Exercise material:
• • • •

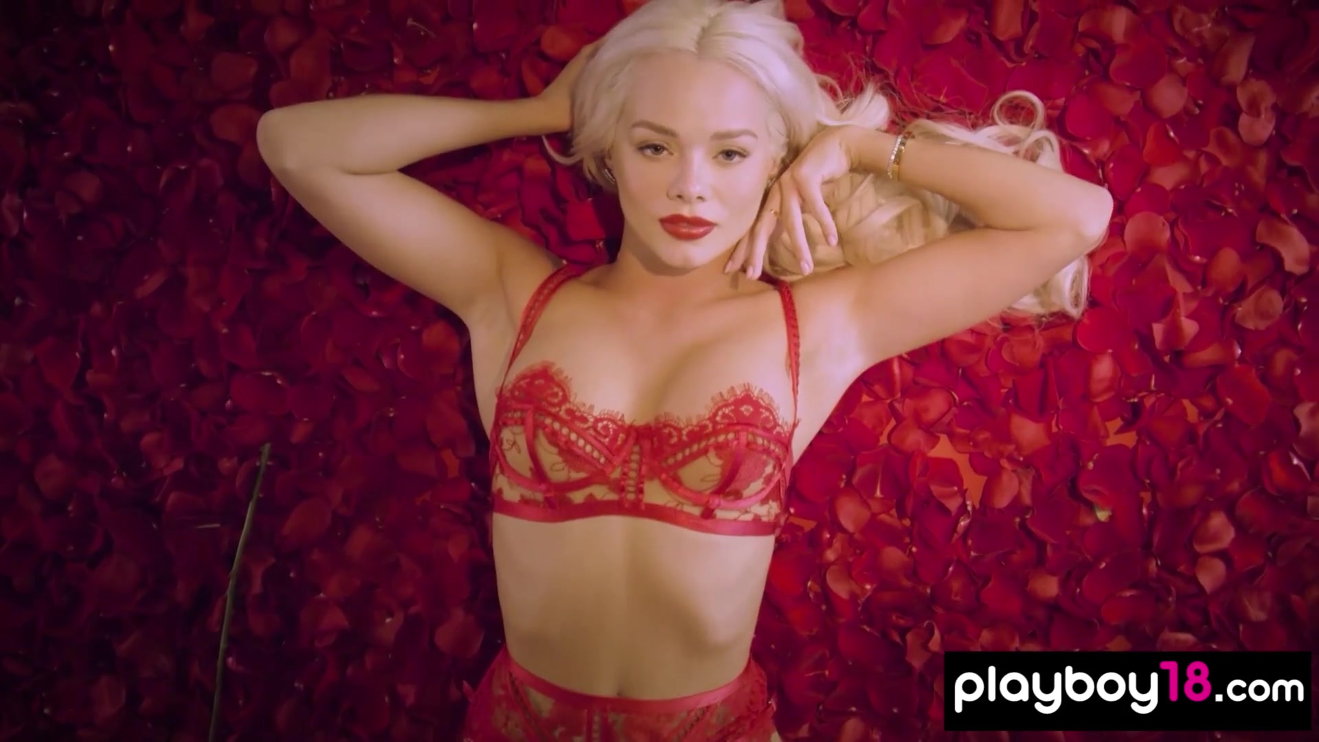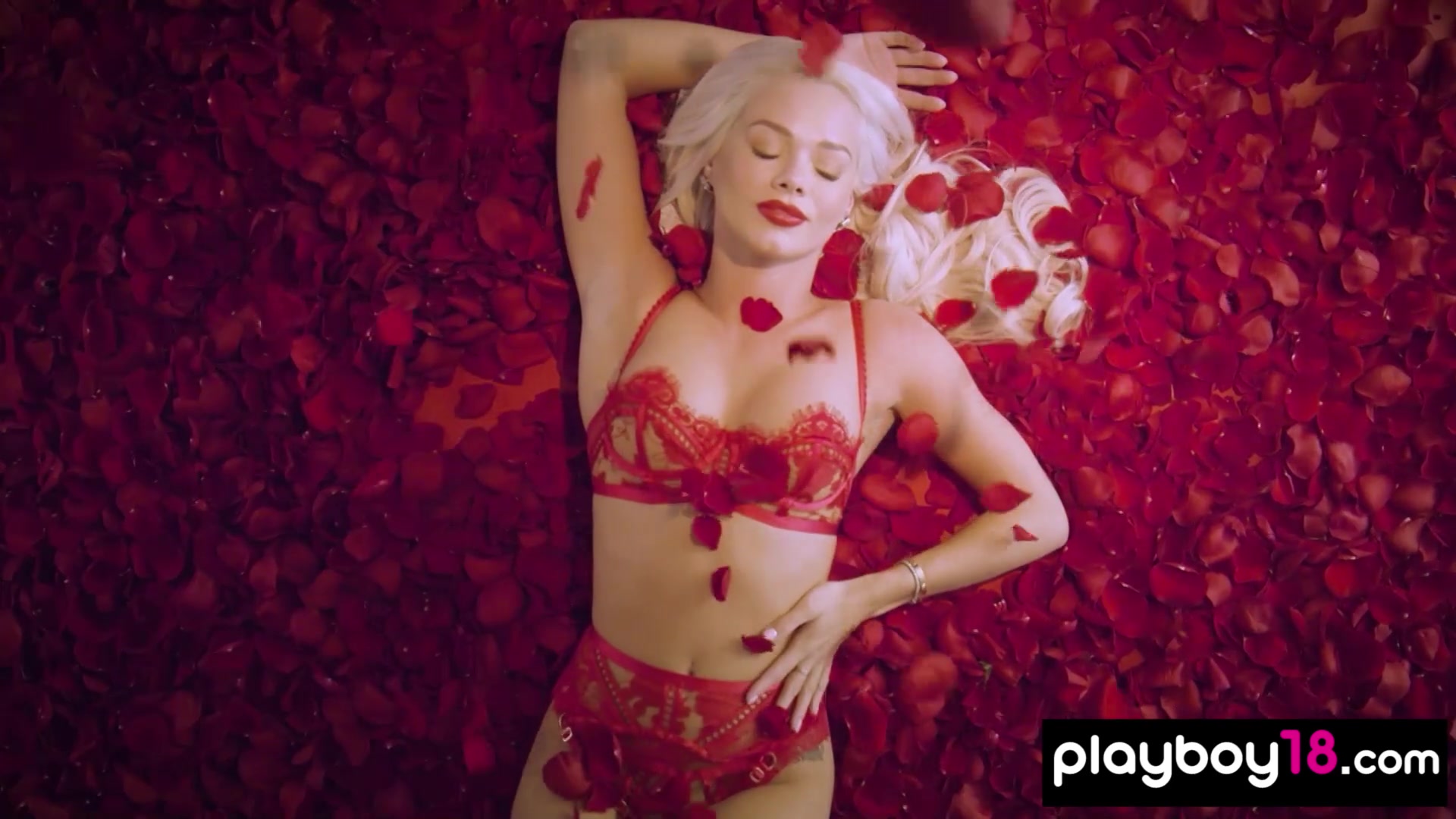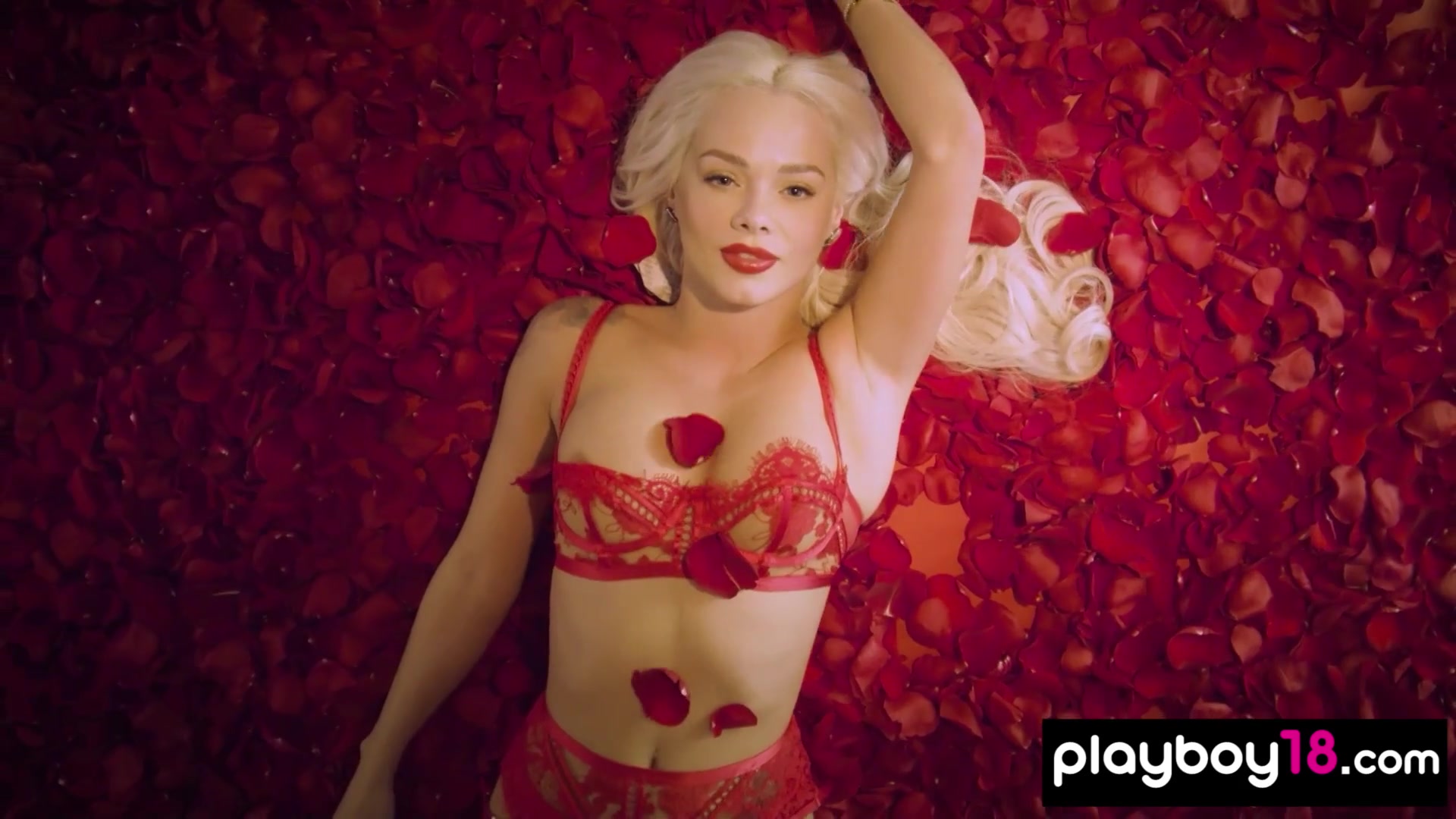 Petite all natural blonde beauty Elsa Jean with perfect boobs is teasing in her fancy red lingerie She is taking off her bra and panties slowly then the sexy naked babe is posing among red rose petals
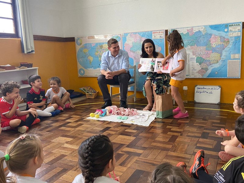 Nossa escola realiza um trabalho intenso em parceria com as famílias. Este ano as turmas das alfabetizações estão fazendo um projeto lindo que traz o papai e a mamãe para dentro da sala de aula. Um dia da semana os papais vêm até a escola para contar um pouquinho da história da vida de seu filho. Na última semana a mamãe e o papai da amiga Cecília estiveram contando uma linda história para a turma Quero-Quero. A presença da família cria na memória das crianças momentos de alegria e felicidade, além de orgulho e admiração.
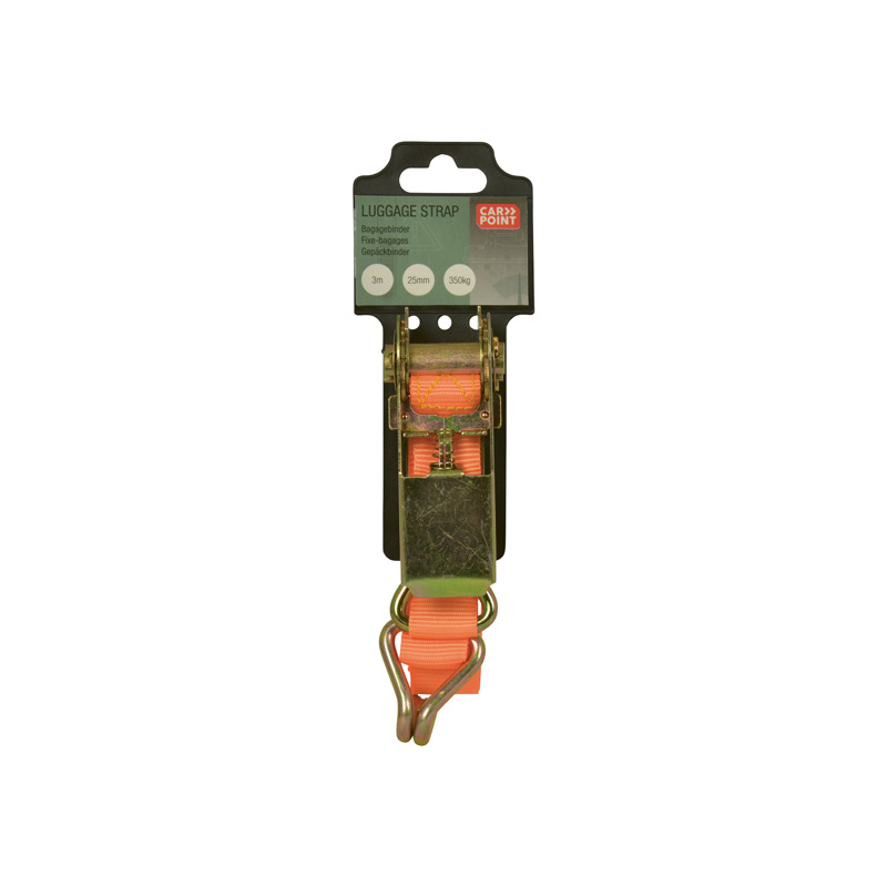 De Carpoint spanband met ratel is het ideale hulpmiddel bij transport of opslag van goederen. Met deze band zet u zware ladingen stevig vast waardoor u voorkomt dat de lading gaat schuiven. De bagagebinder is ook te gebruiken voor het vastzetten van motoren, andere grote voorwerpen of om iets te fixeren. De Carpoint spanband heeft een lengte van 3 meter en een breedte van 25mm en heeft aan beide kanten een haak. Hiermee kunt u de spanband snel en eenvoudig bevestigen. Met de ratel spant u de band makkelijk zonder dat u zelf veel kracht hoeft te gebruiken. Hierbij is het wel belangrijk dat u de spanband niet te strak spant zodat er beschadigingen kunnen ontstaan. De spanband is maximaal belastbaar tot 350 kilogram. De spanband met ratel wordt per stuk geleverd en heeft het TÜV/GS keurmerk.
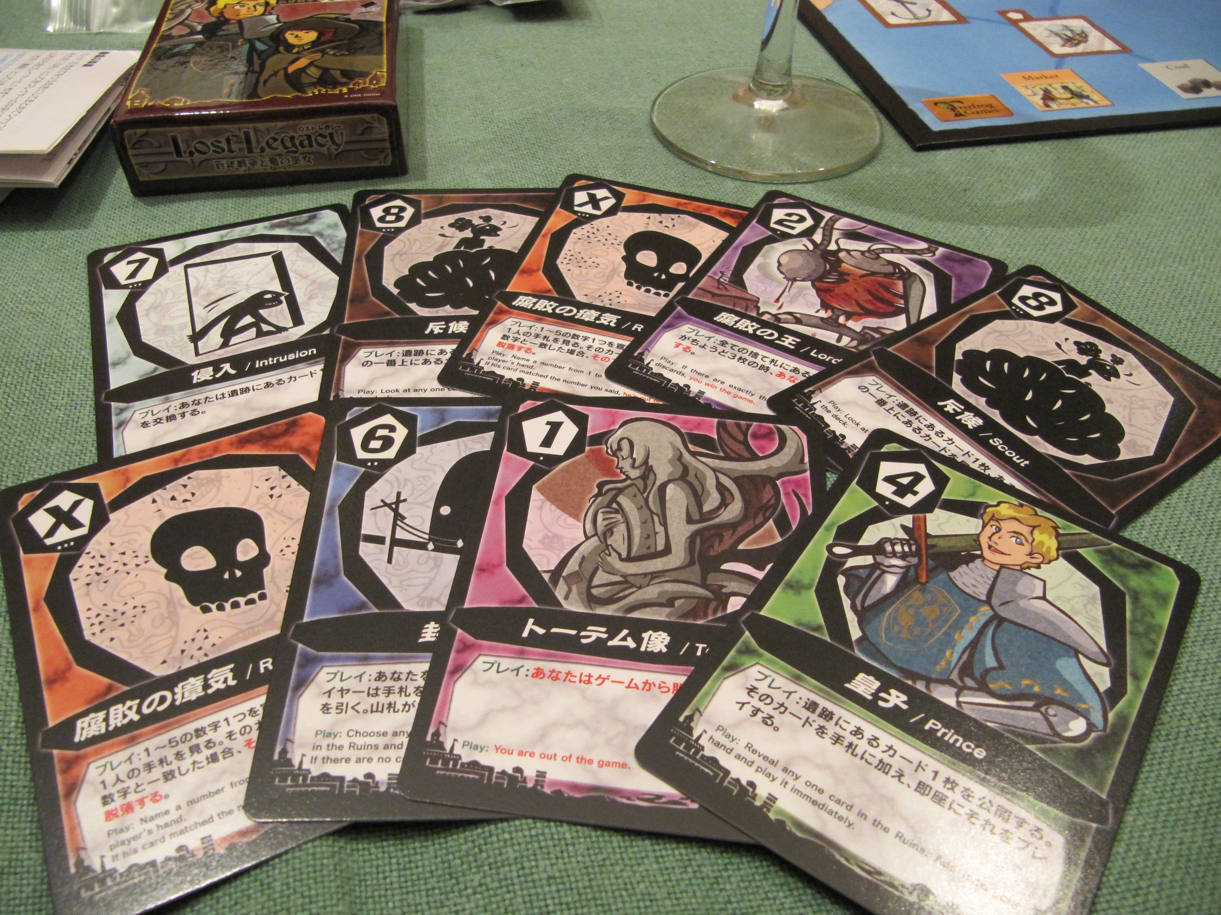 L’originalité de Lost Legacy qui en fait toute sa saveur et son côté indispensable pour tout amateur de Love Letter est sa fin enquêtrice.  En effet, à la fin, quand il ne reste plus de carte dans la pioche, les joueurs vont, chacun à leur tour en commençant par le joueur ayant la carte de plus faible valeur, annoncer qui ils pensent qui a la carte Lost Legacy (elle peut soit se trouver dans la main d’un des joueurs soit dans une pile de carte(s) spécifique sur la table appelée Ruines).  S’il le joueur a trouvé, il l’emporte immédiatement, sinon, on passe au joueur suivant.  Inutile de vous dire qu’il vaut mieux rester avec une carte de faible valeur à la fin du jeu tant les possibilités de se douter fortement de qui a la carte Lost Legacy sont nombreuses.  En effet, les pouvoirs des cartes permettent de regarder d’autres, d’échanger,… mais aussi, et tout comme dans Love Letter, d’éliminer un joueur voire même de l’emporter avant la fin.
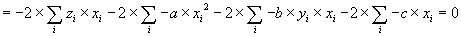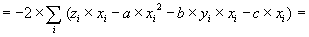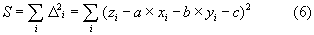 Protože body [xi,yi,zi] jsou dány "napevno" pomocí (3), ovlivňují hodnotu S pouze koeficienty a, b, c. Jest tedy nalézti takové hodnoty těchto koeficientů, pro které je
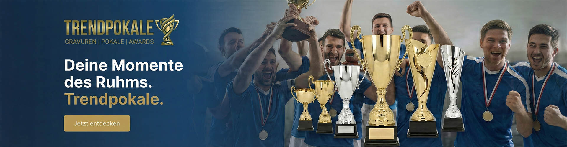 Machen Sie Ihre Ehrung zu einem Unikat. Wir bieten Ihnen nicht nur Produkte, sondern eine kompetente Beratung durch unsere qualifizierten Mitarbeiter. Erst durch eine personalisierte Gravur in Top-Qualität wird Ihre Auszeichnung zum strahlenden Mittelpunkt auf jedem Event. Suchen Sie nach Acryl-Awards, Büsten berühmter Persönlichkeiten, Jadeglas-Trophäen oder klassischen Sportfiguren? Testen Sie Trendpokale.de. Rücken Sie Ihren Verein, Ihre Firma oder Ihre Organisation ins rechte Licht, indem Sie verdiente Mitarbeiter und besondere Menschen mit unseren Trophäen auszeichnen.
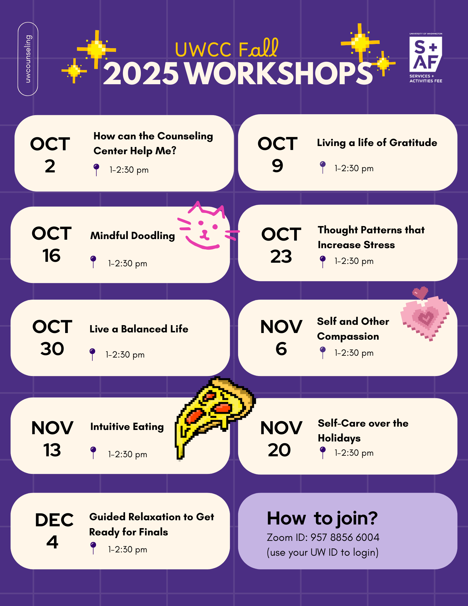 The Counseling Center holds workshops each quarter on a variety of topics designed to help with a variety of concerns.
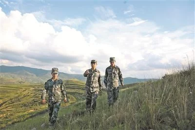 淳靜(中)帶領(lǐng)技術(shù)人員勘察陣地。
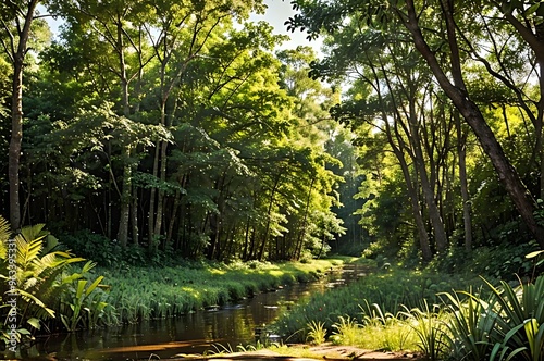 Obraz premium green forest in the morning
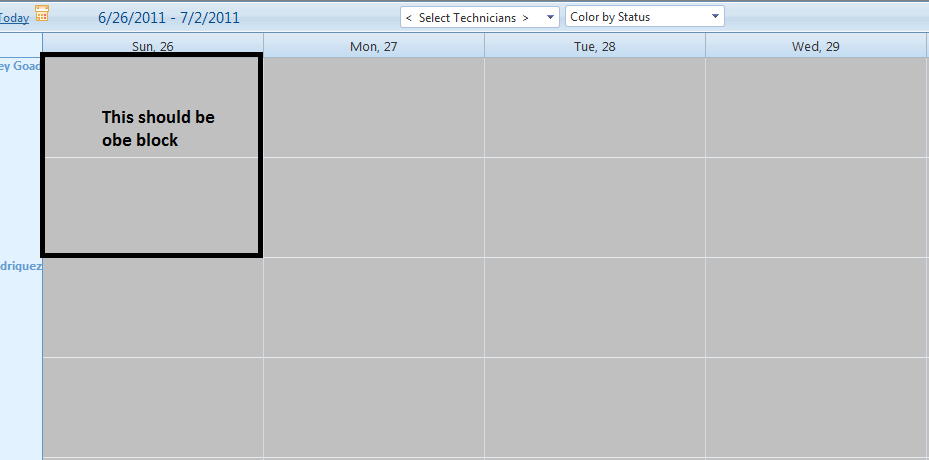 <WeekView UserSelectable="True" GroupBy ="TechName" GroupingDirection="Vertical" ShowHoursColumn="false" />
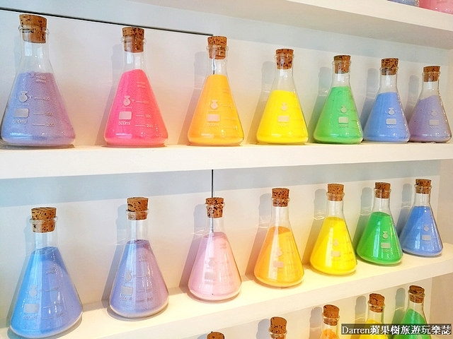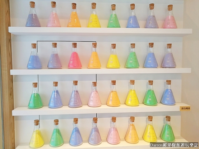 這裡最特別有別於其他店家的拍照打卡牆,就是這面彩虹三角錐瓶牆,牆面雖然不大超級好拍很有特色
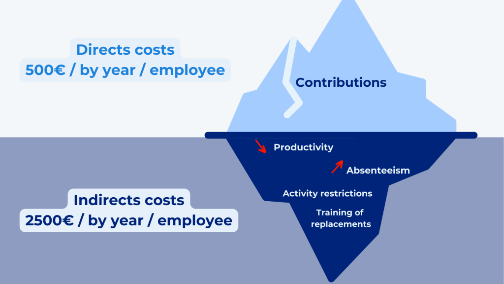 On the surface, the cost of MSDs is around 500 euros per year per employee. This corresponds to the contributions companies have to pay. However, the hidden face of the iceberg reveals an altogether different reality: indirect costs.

• • • •

Task requirements:
Before answering, find the line with "Nossa escola realiza" in the records above; then reproduce exactly each line from the first through that line, leaving out pictures.

Task answer:
 Petite all natural blonde beauty Elsa Jean with perfect boobs is teasing in her fancy red lingerie She is taking off her bra and panties slowly then the sexy naked babe is posing among red rose petals
 Nossa escola realiza um trabalho intenso em parceria com as famílias. Este ano as turmas das alfabetizações estão fazendo um projeto lindo que traz o papai e a mamãe para dentro da sala de aula. Um dia da semana os papais vêm até a escola para contar um pouquinho da história da vida de seu filho. Na última semana a mamãe e o papai da amiga Cecília estiveram contando uma linda história para a turma Quero-Quero. A presença da família cria na memória das crianças momentos de alegria e felicidade, além de orgulho e admiração.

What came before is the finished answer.